First we'll just perform a simple keyword search.

In [None]:
query = "What are the best movies about superheroes?"

search_client = SearchClient(
    f"{apim_resource_gateway_url}/{searchindex_api_path}",
    searchindex_name,
    AzureKeyCredential(apim_subscription_key)
)

results = list(search_client.search(
    search_text=query,
    query_type="simple",
    include_total_count=True,
    top=5
))

for result in results:
    print("Movie: {}".format(result["title"]))
    print("Genre: {}".format(result["genre"]))
    print("----------")

<a id='langchain'></a>
### 🧪 Bringing it All Together with Retrieval Augmented Generation (RAG) + Langchain (LC)
Now that we have our Vector Store setup and data loaded, we are now ready to implement the RAG pattern using AI Orchestration. At a high-level, the following steps are required:

Ask the question
Create Prompt Template with inputs
Get Embedding representation of inputted question
Use embedded version of the question to search Azure AI Search (ie. The Vector Store)
Inject the results of the search into the Prompt Template & Execute the Prompt to get the completion

In [None]:
# Implement RAG using Langchain (LC)

from langchain_openai import AzureOpenAIEmbeddings
from langchain_openai import AzureChatOpenAI
from langchain.chains import LLMChain
import uuid

UUID = str(uuid.uuid4())
print(f"Request-Id: {UUID} - use this ID to trace the requests in Azure Application Insights.")
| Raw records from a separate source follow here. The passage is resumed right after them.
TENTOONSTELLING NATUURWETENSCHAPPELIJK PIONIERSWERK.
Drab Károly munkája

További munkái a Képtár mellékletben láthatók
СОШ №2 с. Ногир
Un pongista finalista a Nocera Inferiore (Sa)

azure_openai_embeddings = AzureOpenAIEmbeddings(
    azure_endpoint = apim_resource_gateway_url,
    openai_api_key = apim_subscription_key,
    azure_deployment = openai_embeddings_deployment_name,
    openai_api_version = openai_api_version,
    model= openai_embeddings_model_name
)

azure_openai = AzureChatOpenAI(
    default_headers = {"Request-Id": UUID},
    azure_endpoint = apim_resource_gateway_url,
    openai_api_key = apim_subscription_key,
    azure_deployment = openai_deployment_name,
    openai_api_version = openai_api_version,
    model= openai_model_name
)

# Ask the question
query = "What are the best movies about superheroes?"
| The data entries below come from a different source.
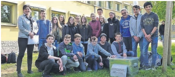
Gruppe Projekt Zeitkapsel
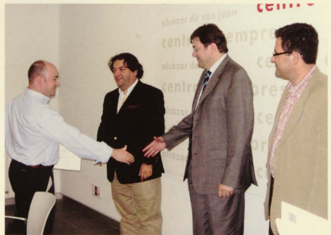
Imagen de la clausura del curso.

tualizado los conocimientos para mejorar las habilidades de dirección por parte del empresario y de sus colaboradores más directos.
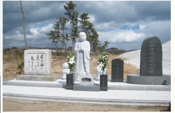
穏やかな海風に揺れる松、いつまでも続けとお地藏さん
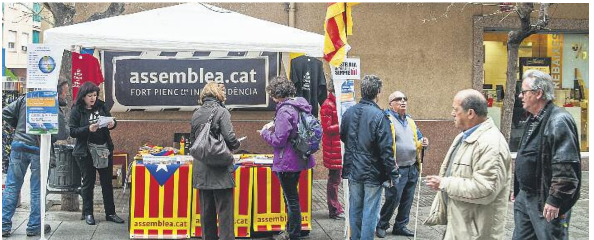
La feina de carrer, principal eina de les entitats independentistes.
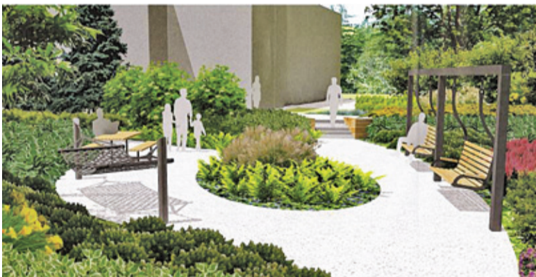
Tak zwycięski projekt prezentuje się na wizualizacjach
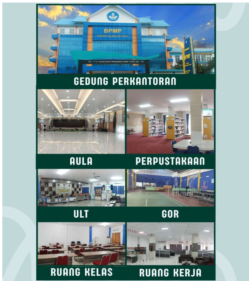
Gambar 3 Sarana dan Prasarana BPMP Provinsi Kalimantan Timur

Upaya pelayanan prima terus ditingkatkan melalui pengembangan gedung perkantoran, perpustakaan, ruang laboratorium, ruang aula, ruang kelas, asrama, lapangan olahraga dan sarana prasarana pendukung lainnya. Selain itu, jaringan internet sebagai pendukung teknologi informasi sudah menjangkau seluruh area gedung dalam rangka semakin memperkuat BPMP Provinsi Kalimantan Timur, dalam memberikan layanan bagi pelanggan. Penggunaan sistem teknologi informasi juga digunakan dalam Unit Layanan Terpadu (ULT) dengan berbagai layanan informasi dan konsultasi serta layanan pengaduan.
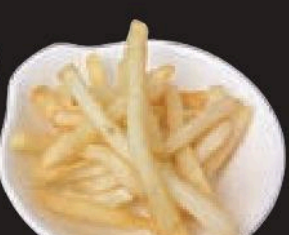
フライドポテト 250円(税込275円)
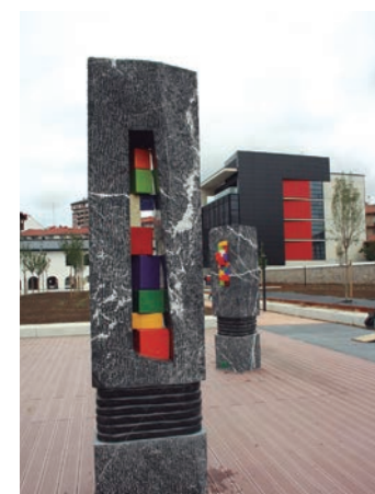
Askatasunaren parkea. TXINTXARRI

Larunbat eguerdian bilduko dira Lasarte-Oriako Udaleko ordezkariak Askatasunaren parkean. Udalak prestatutako adierazpena irakurriko dute, urtero moduan. Iragan urtean argitaratu zuten Memoria partekatuta baterantz txostena eta bertan bildutakoak ere ekarriko dituzte gogora agerraldian. Udalak bi konpromiso ditu memoriarako bidean: topaketarako eta eztabaidarako espazioak ugaritzea eta, kontaketa bat eraikitzea, biktime guztiak errespetatuko dituen.
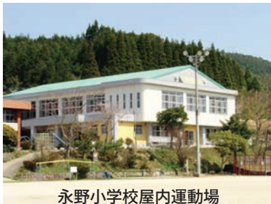
永野小学校屋内運動場

平成17年度はさつま町建設計画に基づき、住民生活に密着した町道の整備や農道、林道をはじめとする農村環境及び各種農林業生産基盤整備事業のほか、住宅団地建替事業、小学校屋内運動場の整備など多くの事業に取り組みました。
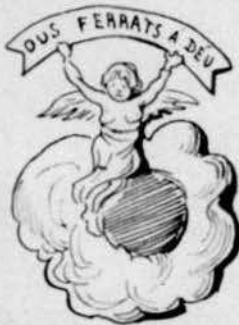
Anunciatas cuytas a la paella
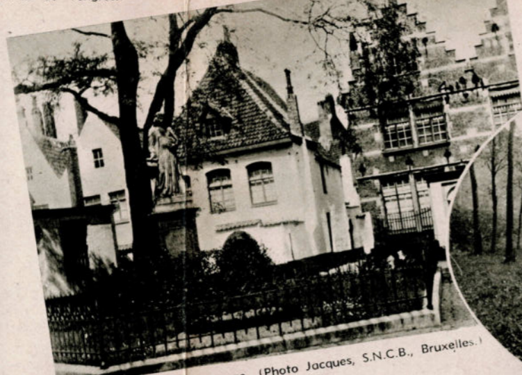
COURTRAI. — Le Béguinage.
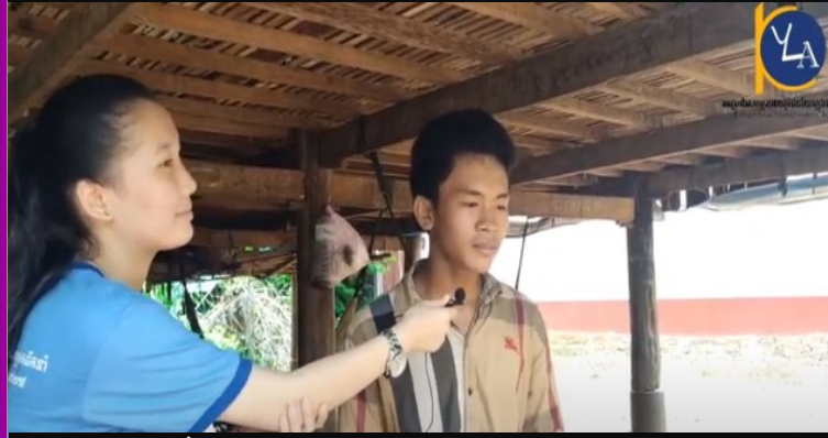
ការជួយជាកញ្ចប់ស្បៀងដល់សិស្សនៅ កូរ៉េ ១៩ https://www.youtube.com/watch?v=UvgLhRRaqho

# Create a prompt template with variables, note the curly braces
from langchain.prompts import PromptTemplate
prompt = PromptTemplate(
    input_variables=["original_question","search_results"],
    template="""
    Question: {original_question}

    Do not use any other data.
    Only use the movie data below when responding.
    Provide detailed information about the synopsis of the movie.
    {search_results}
    """,
)

# Search Vector Store
search_client = SearchClient(
    f"{apim_resource_gateway_url}/{searchindex_api_path}",
    searchindex_name,
    AzureKeyCredential(apim_subscription_key)    
)

vector = VectorizedQuery(vector=azure_openai_embeddings.embed_query(query), k_nearest_neighbors=5, fields="vector")
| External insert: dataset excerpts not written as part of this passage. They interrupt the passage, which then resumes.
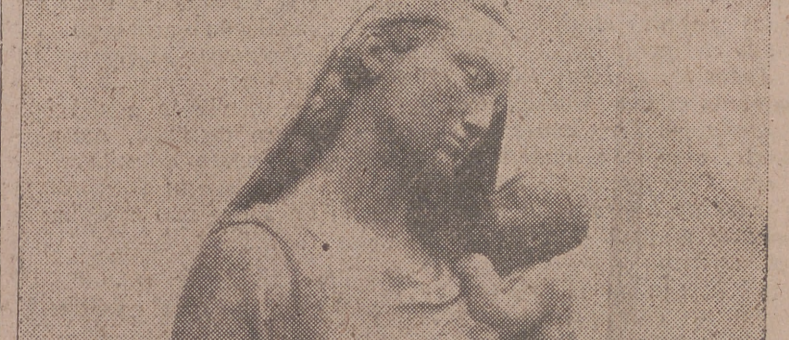
Magnífica talla del escultor José Clará, destinada a la capilla de la Escuela de Mandos del Castillo de la Mota, donada para este fin a la Sección Femenina por nuestro jefe provincial y gobernador civil, camarada Tomás Romojaro.

No se conocen aún suficientes detalles del desarrollo de la ofensiva alemana en el Oeste. Sabemos, eso sí, que la operación sigue en pleno desenvolvimiento, mientras que en consecuencia en Italia los anglo-americanos han desencadenado un fortísimo ataque, muy intensamente preparado por la artillería, mientras que en el Este los rusos, a su vez, han incrementado su presión, sobre todo entre el Balatón y el Danubio. Es natural; se trata de prevenir la posibilidad de que el Mando Supremo germano quiera sacar tropas de estos frentes para reforzar la ofensiva occidental.
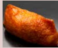
いなり Sweet Beancurd 甜油豆腐皮
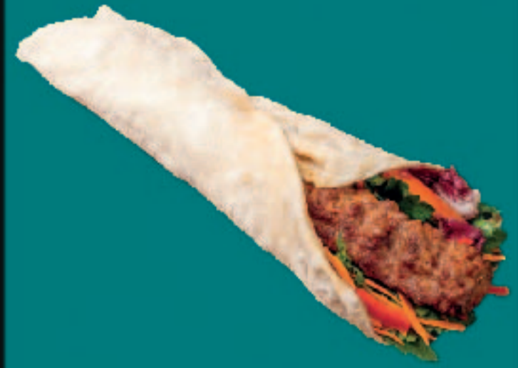
40. ADANASPIEß DÜRÜM

Fladenbrot-Schiffchen mit Knoblauchwurst, Käse & Salat Flatbread-Boats with Garlic Sausage, Cheese & Salad
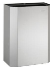
PPA2279CS Acabado satinado

results = list(search_client.search(
    search_text=query,
    query_type="simple",
    semantic_configuration_name="movies-semantic-config",
    include_total_count=True,
    vector_queries=[vector],
    select=["title","genre","overview","tagline","release_date","popularity","vote_average","vote_count","runtime","revenue","original_language"],
    top=5,
    headers={"Request-Id": UUID}
))

# Build the Prompt and Execute against the Azure OpenAI to get the completion
chain = LLMChain(llm=azure_openai, prompt=prompt, verbose=False)
response = chain.invoke({"original_question": query, "search_results": results})
print(response['text'])

<a id='clean'></a>
### 🗑️ Clean up resources

When you're finished with the lab, you should remove all your deployed resources from Azure to avoid extra charges and keep your Azure subscription uncluttered.
Use the [clean-up-resources notebook](clean-up-resources.ipynb) for that.